Yes, I agree, but I have to make do with the very small scale operations of my dad. I only suggested all this to isolate his computer from viruses, which come from employee devices. I do not yet know how to provide two computers with isolated internet connections via LAN, but I do know that if I buy a decent router with guest functionality, said guest network will not see my dad's computer, right?

From then, the NIC can connect his secretary, and that ends the real "core" of the operation. Employee wifi and google machine are luxuries as far as I am concerned, and I don't think it's okay to provide those luxuries at the expense of what you are suggesting, which is about two months worth of revenue.

Edit: perhaps the google machines can also just use the guest WiFi, if that isolates them from the core network.

 

[Ralston18]

Physically, all five computers are connected to the router. Including the Secretary's.

What make and model is the existing "main router"?

Revise the diagram slightly. Replace "Internet" with a box labeled "Router". And out of the router there may or may not be a connection path to "Modem". Then a connection path to the business ISP.

Include switches, if any. Most non-commercial routers have only four ports - likely to be a switch somewhere if the business does not have a commercial router in place.

And, depending on the router, you can control the wired and wireless configurations. E.g., Wireless available only outside of normal working hours for employee wireless devices.

That router (or perhaps a more configurable router) most likely can be used to control end user access to the internet via Parental Control type configuration settings. Wired and wireless, Employees or Guests.

A shared folder could be set up on the Secretary's computer that only your Dad's computer would have access (read, write, delete) to any files placed there by the secretary.

The Secretary's PC could be blocked from internet access via the router.

As for computers being able to access each other: just do not give any user the necessary admin rights or other wise set up shared drives or folders between those computers.

Overall, it may be fairly straightforward to address the stated requirements.

My thought is for you to do some reading with respect "Parental Controls" and what may be possible.

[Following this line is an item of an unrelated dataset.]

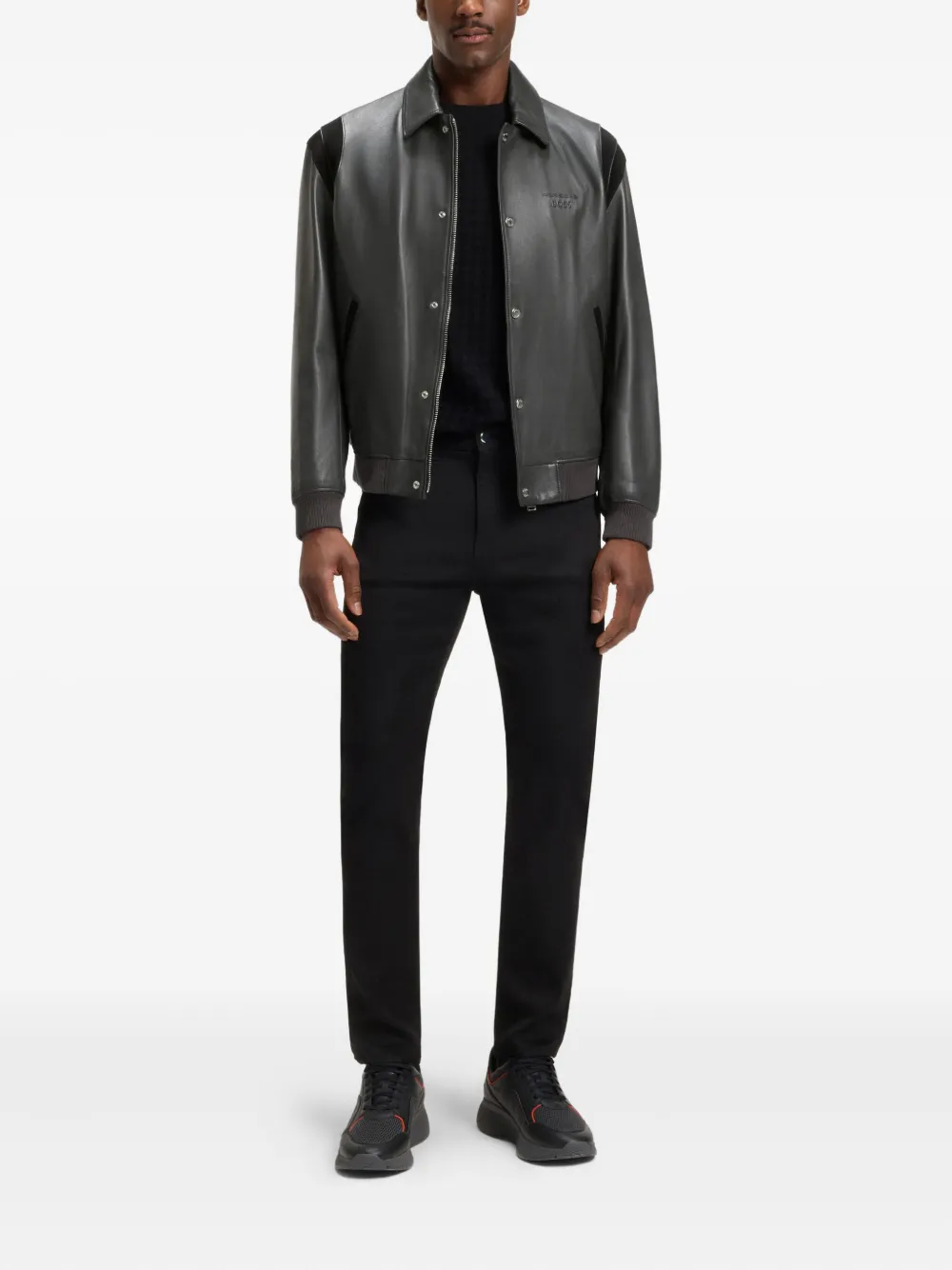 Кожаная куртка-бомбер BOSS, серый 121 259₽

Likely to vary some depending the router.

Starter links:

https://www.tp-link.com/us/support/faq/1531/

https://www.makeuseof.com/tag/4-ways-to-manage-your-kids-internet-use-with-your-router/

Etc...

Not suggesting that the employees are kids but the overall security requirements are applicable.

You can get even more information by referring to the User Guide/Manual for any given router. First place to look is in the manual for the existing router. Or modem/router.

Again, I think the key is to start with the existing router and what may or may be configurable with respect to the business requirements.